Task objective:
Nothing outside the range is to be copied. From the entries below, reproduce exactly the lines starting at the one with "Fire & Ice 10KT" and ending at the one with "2016419日,內(nèi", without pictures.

*** Provided data ***

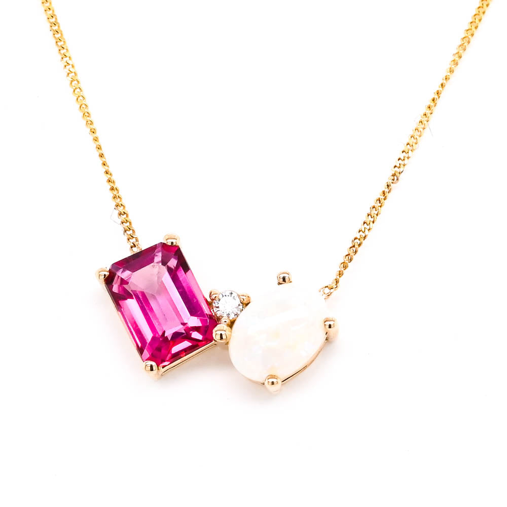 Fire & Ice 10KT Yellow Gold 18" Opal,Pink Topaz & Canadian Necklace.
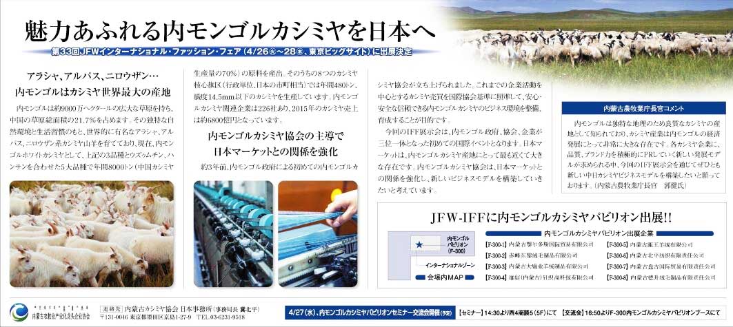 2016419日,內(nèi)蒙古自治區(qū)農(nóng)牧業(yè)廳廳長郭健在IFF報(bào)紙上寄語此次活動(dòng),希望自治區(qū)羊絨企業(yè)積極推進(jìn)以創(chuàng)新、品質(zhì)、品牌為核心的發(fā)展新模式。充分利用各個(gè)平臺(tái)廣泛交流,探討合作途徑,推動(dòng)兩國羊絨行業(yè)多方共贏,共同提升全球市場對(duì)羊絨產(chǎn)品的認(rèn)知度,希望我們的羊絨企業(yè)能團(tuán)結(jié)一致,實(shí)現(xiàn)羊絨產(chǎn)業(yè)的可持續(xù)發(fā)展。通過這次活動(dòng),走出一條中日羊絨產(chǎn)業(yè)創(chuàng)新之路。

***
*** Provided data ***

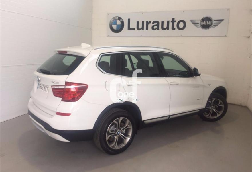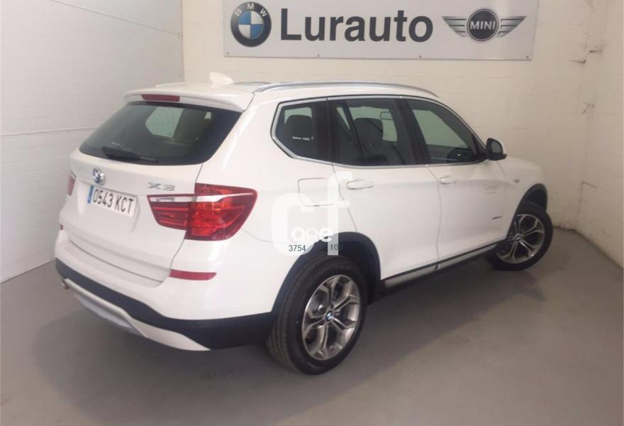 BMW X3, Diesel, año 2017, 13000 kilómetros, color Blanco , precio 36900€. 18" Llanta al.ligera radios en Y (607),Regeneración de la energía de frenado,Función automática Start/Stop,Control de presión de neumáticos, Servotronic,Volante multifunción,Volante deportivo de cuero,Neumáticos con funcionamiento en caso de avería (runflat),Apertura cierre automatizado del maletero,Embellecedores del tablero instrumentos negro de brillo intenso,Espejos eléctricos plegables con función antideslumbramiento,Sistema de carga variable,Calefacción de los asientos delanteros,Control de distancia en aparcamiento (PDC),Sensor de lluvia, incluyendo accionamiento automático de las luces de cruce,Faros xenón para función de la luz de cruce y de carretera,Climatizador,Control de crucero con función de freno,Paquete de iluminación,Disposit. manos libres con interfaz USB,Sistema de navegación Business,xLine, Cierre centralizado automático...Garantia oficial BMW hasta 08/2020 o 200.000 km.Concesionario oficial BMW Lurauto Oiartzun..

***
*** Provided data ***

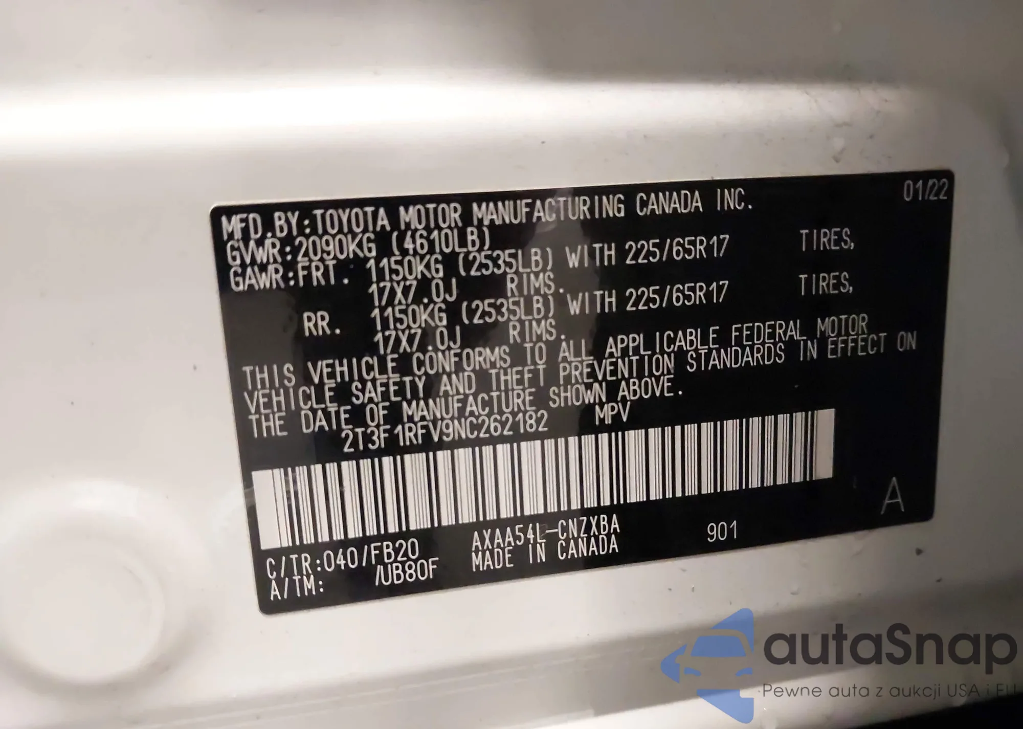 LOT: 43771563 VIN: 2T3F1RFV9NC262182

***

Task output:
 Fire & Ice 10KT Yellow Gold 18" Opal,Pink Topaz & Canadian Necklace.
 2016419日,內(nèi)蒙古自治區(qū)農(nóng)牧業(yè)廳廳長郭健在IFF報(bào)紙上寄語此次活動(dòng),希望自治區(qū)羊絨企業(yè)積極推進(jìn)以創(chuàng)新、品質(zhì)、品牌為核心的發(fā)展新模式。充分利用各個(gè)平臺(tái)廣泛交流,探討合作途徑,推動(dòng)兩國羊絨行業(yè)多方共贏,共同提升全球市場對(duì)羊絨產(chǎn)品的認(rèn)知度,希望我們的羊絨企業(yè)能團(tuán)結(jié)一致,實(shí)現(xiàn)羊絨產(chǎn)業(yè)的可持續(xù)發(fā)展。通過這次活動(dòng),走出一條中日羊絨產(chǎn)業(yè)創(chuàng)新之路。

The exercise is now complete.